Testing whether the identified duplicate token heads actually attend from S2 to S1 as hypothesized.

In [7]:
# Extract the duplicate token heads from student's circuit
# According to student's documentation, these are the duplicate token heads:
duplicate_token_heads = [
    'a0.h1', 'a0.h5', 'a0.h10', 'a1.h11', 'a3.h0', 'a3.h6'
]

print("Testing Duplicate Token Heads (S2 → S1 attention)")
print("=" * 70)
print(f"Testing {len(duplicate_token_heads)} heads identified by student\n")

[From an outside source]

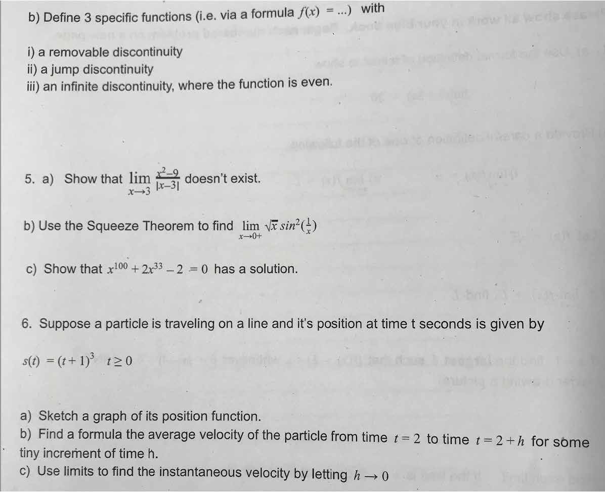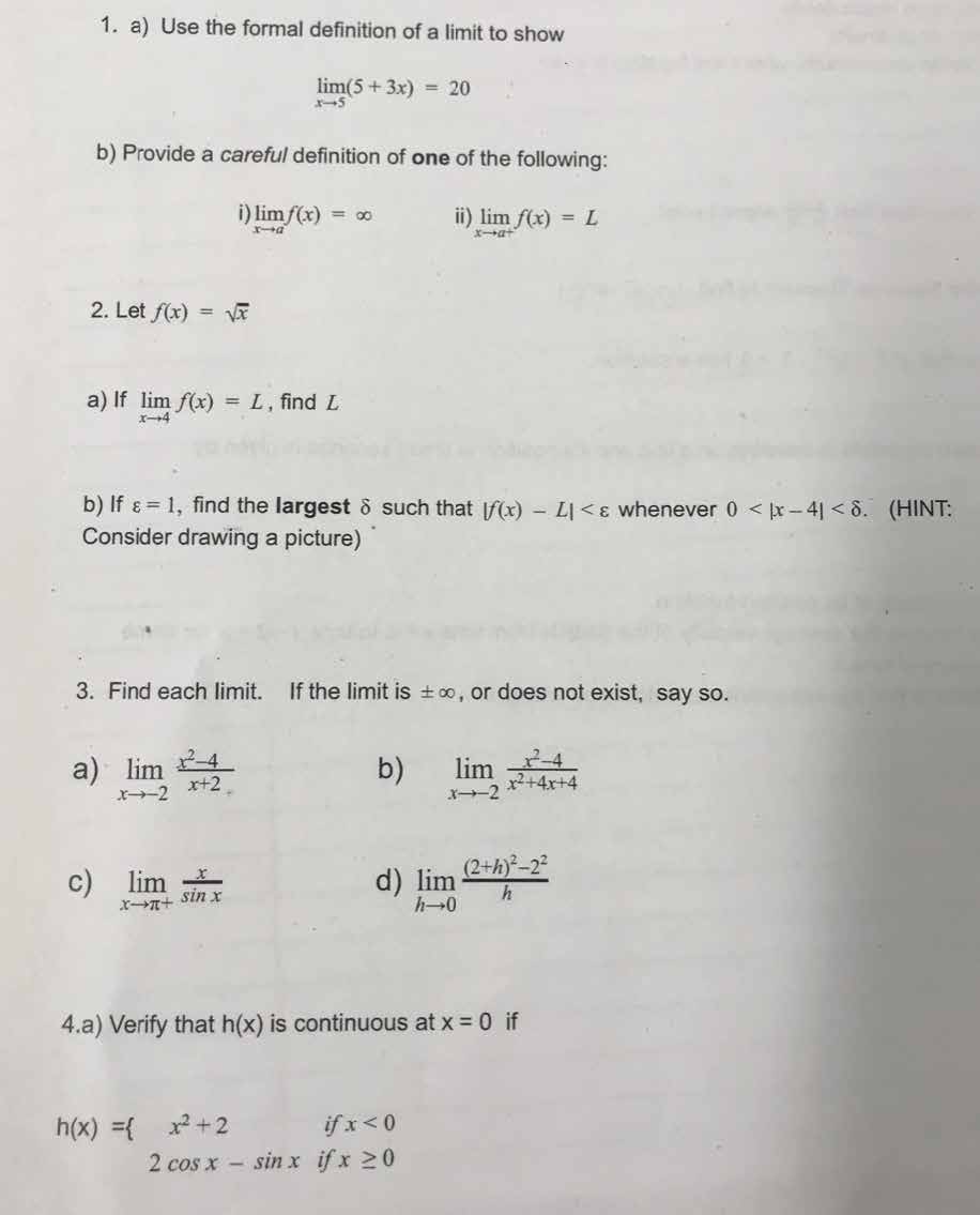 1. a) Use the formal definition of a limit to show lim(5 + 3x) = 2...
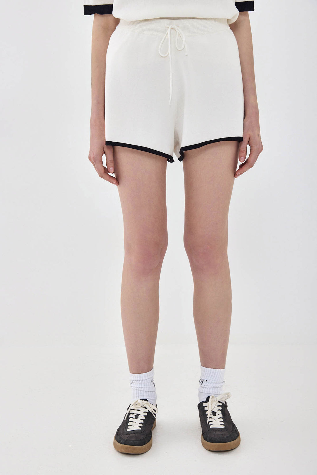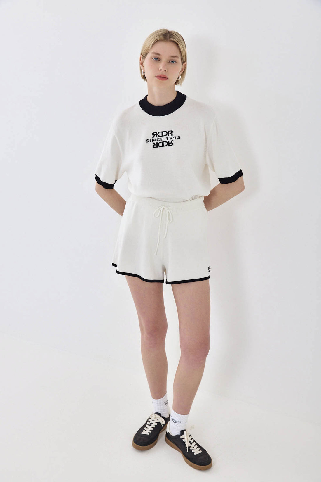 Inspired by the one and only, fashion icon princess Diana. The most stylish and comfy shorts you'll own. Kitted shorts. Elastic ribbed waistband with a drawstring closure. Contrast black stripe ribbed finish. Delicate logo intarsia detailing. Style it with your favorite matching knit top for a stunning everyday look.

# Collect attention patterns across test examples
attention_scores = {head: [] for head in duplicate_token_heads}

for i, example in enumerate(test_dataset):
    prompt = example['prompt']
    subject = example['metadata']['subject']
    io = example['metadata']['indirect_object']
    
    # Get positions
    pos = get_token_positions(prompt, subject, io)
    
    if pos['s1'] is None or pos['s2'] is None:
        continue
    
    # Run model with cache
    tokens = pos['tokens']
    logits, cache = model.run_with_cache(tokens)
    
    # Check attention for each head
    for head_name in duplicate_token_heads:
        # Parse head name: a{layer}.h{head}
        layer = int(head_name.split('.')[0][1:])
        head = int(head_name.split('.')[1][1:])
        
        # Get attention pattern: [batch, head, query_pos, key_pos]
        attn_pattern = cache['pattern', layer][0, head]
        
        # Get attention from S2 to S1
        s2_to_s1_attn = attn_pattern[pos['s2'], pos['s1']].item()
        attention_scores[head_name].append(s2_to_s1_attn)

# Calculate statistics
print("Results:\n")
results_dup = []
for head_name in duplicate_token_heads:
    scores = attention_scores[head_name]
    mean_score = np.mean(scores)
    std_score = np.std(scores)
    
    # Threshold: consider "strong" if mean > 0.3
    status = "✓ PASS" if mean_score > 0.3 else "⚠ WEAK" if mean_score > 0.15 else "✗ FAIL"
    
    print(f"{head_name}: {mean_score:.4f} ± {std_score:.4f}  {status}")
    results_dup.append({
        'head': head_name,
        'mean': mean_score,
        'std': std_score,
        'pass': mean_score > 0.3
    })

pass_rate = sum(1 for r in results_dup if r['pass']) / len(results_dup)
print(f"\n{'=' * 70}")
print(f"Pass rate: {pass_rate:.1%} ({sum(1 for r in results_dup if r['pass'])}/{len(results_dup)} heads)")
print(f"Overall: {'✓ PASS' if pass_rate >= 0.5 else '✗ FAIL'}")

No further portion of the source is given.